Reaching for the Stars, Aerospace Student Excels


Robert Lobbia (left) and Brian Wiese working  on their Jolly Green Giant rocket for the AIAA competition.
By Marlys Amundson

For most students, pursuing a double major in aerospace engineering and physics at UCLA would be enough of a challenge, but Robert Lobbia also led the AIAA hybrid rocket space projects group, visited local schools with other students to engender an interest in science, and completed graduate-level lab work in the Mechanical and Aerospace Engineering Department.

Since his freshman year Lobbia has worked as an undergraduate research assistant in the MAE Combustion Research Laboratory, headed by Professors Ann Karagozian and Owen Smith. His first project was programming in C to control a small-scale, onboard computer in a NASA flight test experiment, and more recently worked on software to control droplet combustion in microgravity conditions.

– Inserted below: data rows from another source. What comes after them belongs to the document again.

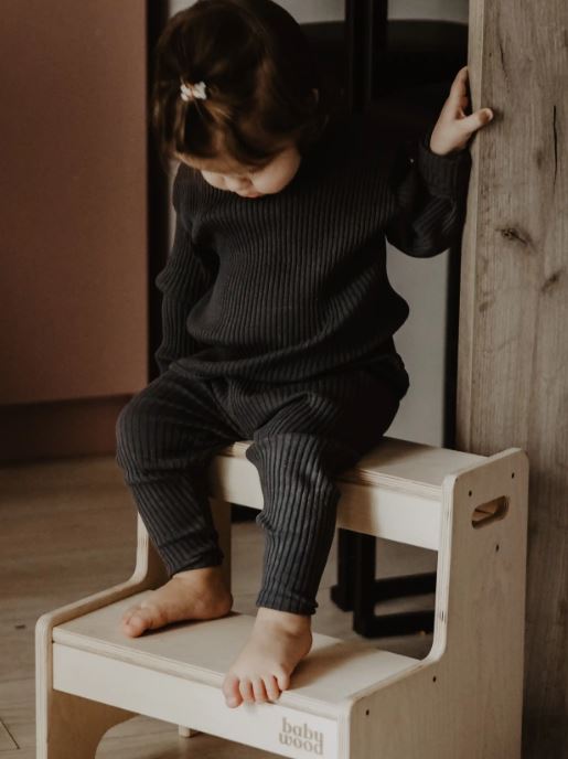 Drewniane schodki to produkt, który możemy używać „solo”, w postaci kuchennego pomocnika lub zestawić z bujakiem i blatem BabyWood, tworząc tym samym nieograniczoną przestrzeń do zabawy.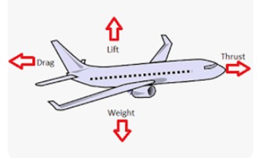 இவ்வாறு, ஒரு பொருளின் மீது எதிரெதிர் திசைகளில் நான்கு விசைகளை செயல்படுத்துவதன் மூலமே அப்பொருளை பறக்க வைக்க முடியும். இவைதான் விமானங்கள் பறப்பதற்கான அடிப்படைக் கோட்பாடு ஆகும். பறவைகள் பறப்பதற்கு கூட இதுதான் அடிப்படை. விமானங்களில், அதில் பொருத்தப்பட்டுள்ள என்ஜின்கள் இவ்விசைகளை உருவாக்குகின்றன. பறவைகளைப் பொறுத்தவரை, அவை தன்னுடைய இறக்கைகளின் மூலம் இவ்விசைகளை உருவாக்கிக் கொள்கின்றன.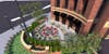 Just beyond the dining area is the exterior plaza referred to as ”The Garden.” Inspired by the Yates family tradition of maintaining a bountiful garden in their backyard, this area is bounded by a richly landscaped border with lush flowers and low brick wall providing an urban oasis. The Garden seats 68, with a fire pit at the center to extend the season for outdoor dining well into colder times of the year.

“Robert has accomplished at least as much as our best master’s-level students at UCLA,” notes Karagozian. “We are very lucky to have someone of his caliber in the department - he is very focused and committed to his studies, his research, and the community.”

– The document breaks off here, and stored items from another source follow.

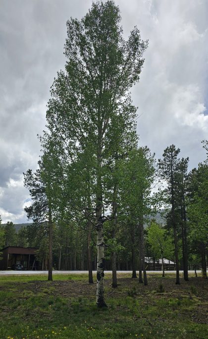When we first moved here on the Winter Solstice of 2014, this Aspen had no leaves. Tiny shoots of its clones were hidden beneath the Snow cover. But they were there.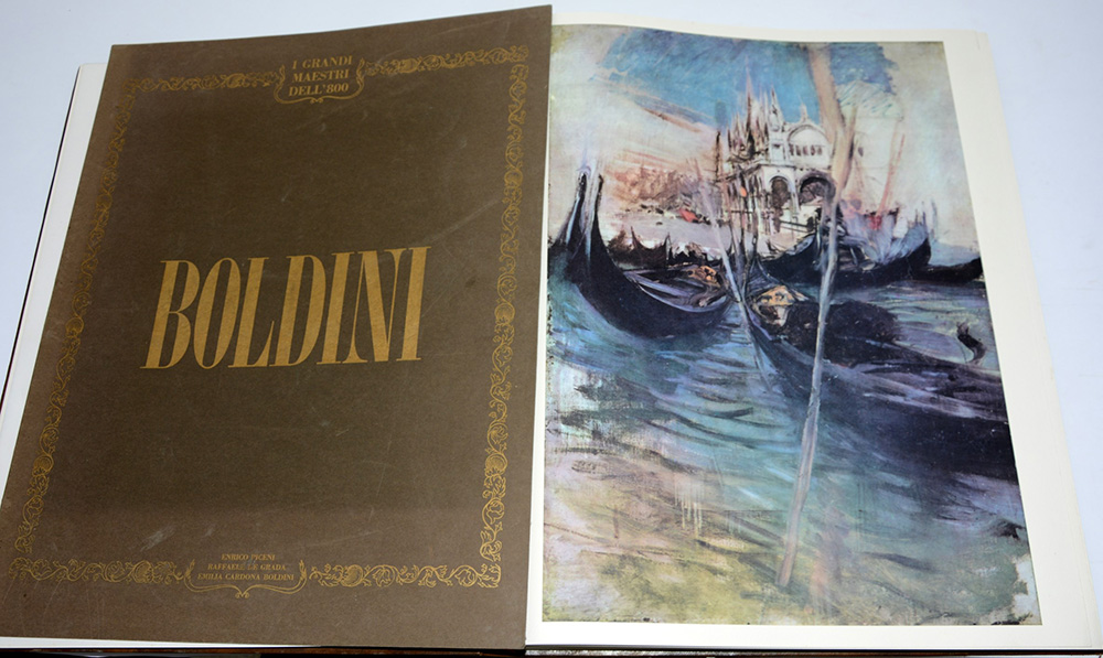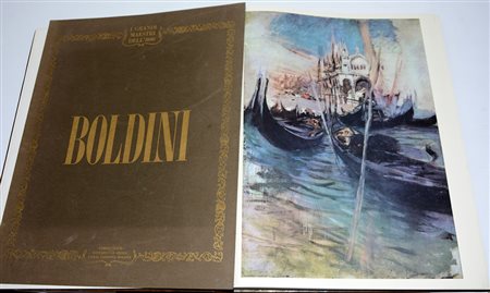 I grandi maestri dell'800: Giovanni Boldini. Milano: Seda, 1964. Folio grande. Esemplare 223 di 1035. Legatura originale in piena pelle (difetti al dorso) in cofanetto originale. In allegato il portfolio contenente 2 tavole fuori testo.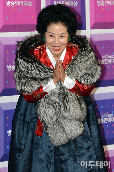 탤런트 선우용녀가 29일 오후 여의도 MBC에서 열린 ‘2012 MBC 방송연예대상’ 시상식에 참석하며 취재진을 향해 포즈를 취하고 있다.
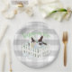 This adorable paper plate features a picket fence basket filled with easter eggs and chocolate easter bunnies on grey gingham background. Personalise it for your needs. You can find matching products at my store.

Karagozian later assigned Lobbia to work on controller development for a research project involving the actively controlled jet in crossflow. Under the guidance of Karagozian’s MAE collaborator, Professor Robert M’Closkey, Lobbia created an inverse filter and added a feedback mechanism to the actuation system to improve jet injection performance.

“Robert is very impressive not only in his contributions to this project but in his ability to juggle other projects and produce great results,” says M’Closkey. “He had taken several undergraduate courses that provided some of the technical background required for the research project, and this shows that a motivated undergraduate can become a useful contributor in the lab.”

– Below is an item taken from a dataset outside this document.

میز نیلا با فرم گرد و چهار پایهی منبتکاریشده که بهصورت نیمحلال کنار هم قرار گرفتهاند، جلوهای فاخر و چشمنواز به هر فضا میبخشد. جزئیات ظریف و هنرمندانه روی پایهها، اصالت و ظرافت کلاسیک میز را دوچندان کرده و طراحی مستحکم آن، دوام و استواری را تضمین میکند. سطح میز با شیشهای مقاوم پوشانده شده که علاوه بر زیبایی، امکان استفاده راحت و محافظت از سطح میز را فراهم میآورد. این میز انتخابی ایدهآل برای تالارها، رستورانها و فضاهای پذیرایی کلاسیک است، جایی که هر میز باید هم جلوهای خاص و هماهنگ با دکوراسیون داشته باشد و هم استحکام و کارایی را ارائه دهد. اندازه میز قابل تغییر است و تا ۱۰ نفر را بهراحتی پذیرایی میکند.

Lobbia expects to graduate in June, and plans to go on to graduate school to study the control and containment of plasma flows. He is especially interested in unconventional areas of rocketry such as ion propulsion, where only a limited amount of thrust is produced and the power source can provide thrust for an extended period of time.

Passionate about high-speed travel since he was a child, Lobbia began building his own rockets and engines at a very early age, “although it wasn’t until I began learning engineering principles that the rockets were successful,” he notes.

Lobbia joined the UCLA chapter of AIAA as a freshman and has been its president and head of its Hybrid Rocket Project for several years. Students involved with this project are designing and building a rocket capable of traveling 20 miles straight up - to the edge of space. To date, the students’ field tests (conducted in the Mojave Desert) have resulted in a rocket capable of ascending to 6000 feet. The rocket has an onboard computer to measure acceleration and atmospheric pressure, as well as a GPS computer and video camera.

Initially Lobbia was primarily responsible for the overall design and implementation, including writing computer simulations and performing design calculations for the rocket system, but he has been encouraging others to take leadership roles this year. “My goal is not only to finish the projects we have under way, but also to ensure that the group will continue after I’ve left UCLA, so I’ve been sharing all that I learned as a member of AIAA,” he explains.

As a freshman, Lobbia led the UCLA chapter of the Grassroots Science for Kids, a program designed to encourage undergraduates from a variety of fields to design and perform small-scale, hands-on science projects for local elementary and middle school students. Lobbia helped design the experiments, obtain the materials, and arrange the demonstrations at the schools.

Last year Lobbia received one of 30 AIAA Foundation undergraduate scholarships awarded nationally, and was the first recipient of the Next Century of Flight scholarship.